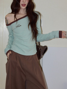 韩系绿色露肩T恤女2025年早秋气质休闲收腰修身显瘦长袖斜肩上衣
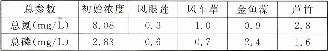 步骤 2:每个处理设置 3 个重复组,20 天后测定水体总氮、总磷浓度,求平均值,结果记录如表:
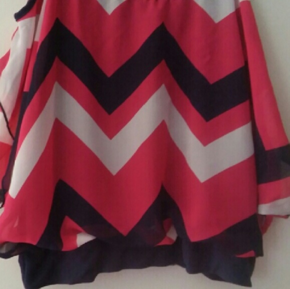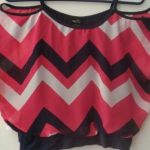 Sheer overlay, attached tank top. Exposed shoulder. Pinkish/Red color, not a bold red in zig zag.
+-------+
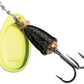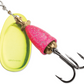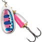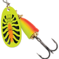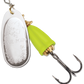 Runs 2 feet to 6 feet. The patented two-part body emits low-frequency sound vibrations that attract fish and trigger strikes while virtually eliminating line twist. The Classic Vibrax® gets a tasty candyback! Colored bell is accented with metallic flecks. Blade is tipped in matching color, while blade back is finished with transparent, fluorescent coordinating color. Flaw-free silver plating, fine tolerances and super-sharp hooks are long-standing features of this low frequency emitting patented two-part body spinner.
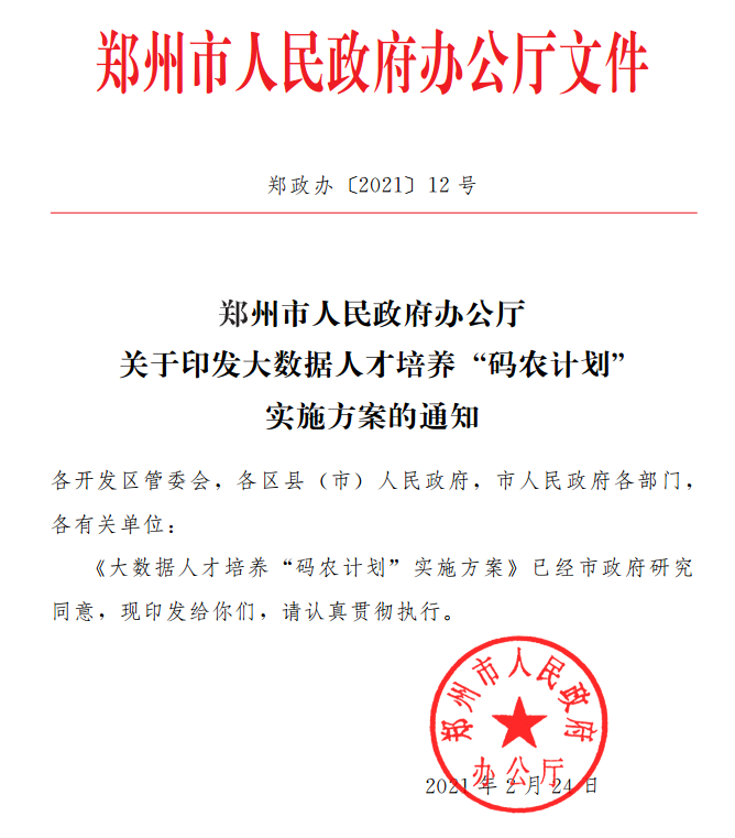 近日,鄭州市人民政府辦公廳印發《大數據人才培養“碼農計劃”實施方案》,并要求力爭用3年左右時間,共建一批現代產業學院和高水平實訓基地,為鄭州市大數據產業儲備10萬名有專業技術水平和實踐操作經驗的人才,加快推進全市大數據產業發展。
+-------+
Word for word, retype the lines in the entries above that run from the one with "韩系绿色露肩T恤女2025年早秋气质休闲收腰修身显瘦长袖斜肩上衣" through the one with "Sheer overlay, attached". Both ends count; pictures do not.

[Answer to this problem]
 韩系绿色露肩T恤女2025年早秋气质休闲收腰修身显瘦长袖斜肩上衣
 步骤 2:每个处理设置 3 个重复组,20 天后测定水体总氮、总磷浓度,求平均值,结果记录如表:
 Sheer overlay, attached tank top. Exposed shoulder. Pinkish/Red color, not a bold red in zig zag.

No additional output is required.